### Supplied information

|---|

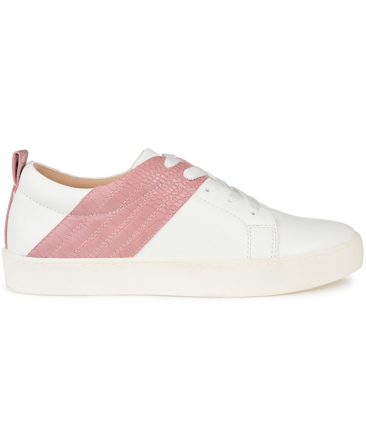 Raaye — это кроссовки с низким вырезом, которые умеют создавать смелые акценты, с трехстрочным акцентом в виде змеиной кожи и язычком в задней части пятки. Эта модель из веганской кожи от Journee Collection имеет застежку на шнуровке, комфортную стельку из пеноматериала толщиной 8 мм и гладкую резиновую подошву.
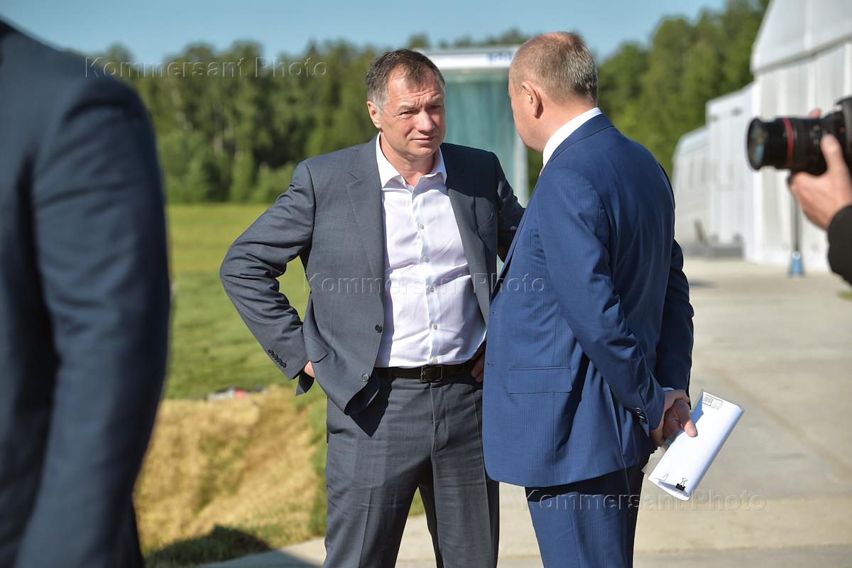 Церемония открытия участка протяженностью 23 км от Можайского до Новорижского шоссе на Центральной кольцевой автомобильной дороге (ЦКАД). Министр транспорта России Евгений Дитрих (слева) и заместитель председателя правительства России Марат Хуснуллин (справа) во время церемонии.
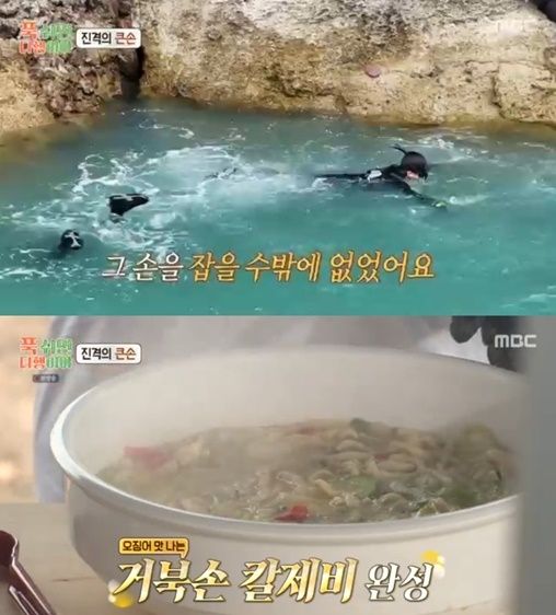 김대호, 장준 머구리가 결국 바다에 입수했고, 갯바위에서 박세리, 김민경은 낚시로 식재료 포획에 나섰다. 메인 식재료로 거북손을 맞이하게 된 박세리는 “날씨도 흐리고 비도 살짝 오는데, 이런 날 칼국수, 수제비도 먹고 싶다”라며 칼제비를 메뉴로 선정했다.
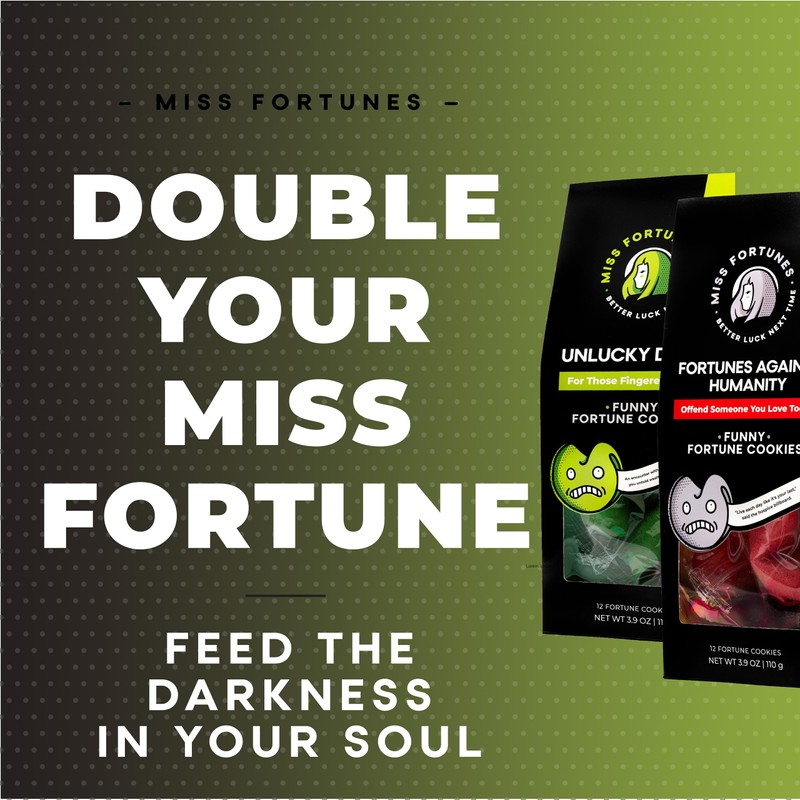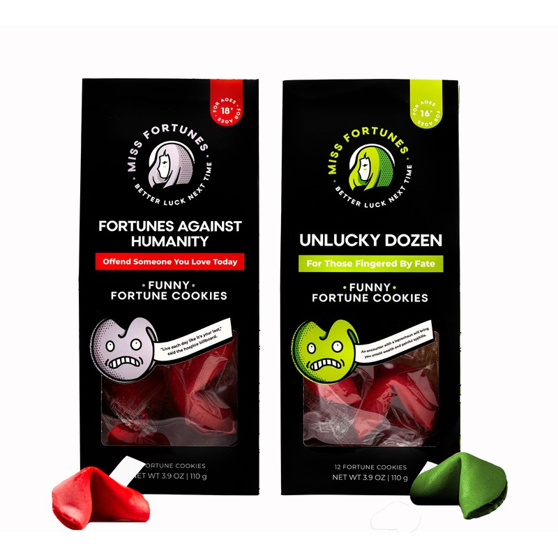 - IRREVERENTLY FUNNY: The cookies are sweet. The fortunes are salty! Miss Fortunes is the funny fortune cookie that satisfies your sweet tooth, but never sugarcoats your destiny. No promises of riches, romance or adventure here -- just gloomy and outlandish predictions that will leave everyone laughing. 24 sinfully delicious cookies, each with a slightly twisted and hilarious message.

|---|

### Task goal
Output the complete listing exactly. Pictures stay out.

### Exercise result
 Raaye — это кроссовки с низким вырезом, которые умеют создавать смелые акценты, с трехстрочным акцентом в виде змеиной кожи и язычком в задней части пятки. Эта модель из веганской кожи от Journee Collection имеет застежку на шнуровке, комфортную стельку из пеноматериала толщиной 8 мм и гладкую резиновую подошву.
 Церемония открытия участка протяженностью 23 км от Можайского до Новорижского шоссе на Центральной кольцевой автомобильной дороге (ЦКАД). Министр транспорта России Евгений Дитрих (слева) и заместитель председателя правительства России Марат Хуснуллин (справа) во время церемонии.
 김대호, 장준 머구리가 결국 바다에 입수했고, 갯바위에서 박세리, 김민경은 낚시로 식재료 포획에 나섰다. 메인 식재료로 거북손을 맞이하게 된 박세리는 “날씨도 흐리고 비도 살짝 오는데, 이런 날 칼국수, 수제비도 먹고 싶다”라며 칼제비를 메뉴로 선정했다.
 - IRREVERENTLY FUNNY: The cookies are sweet. The fortunes are salty! Miss Fortunes is the funny fortune cookie that satisfies your sweet tooth, but never sugarcoats your destiny. No promises of riches, romance or adventure here -- just gloomy and outlandish predictions that will leave everyone laughing. 24 sinfully delicious cookies, each with a slightly twisted and hilarious message.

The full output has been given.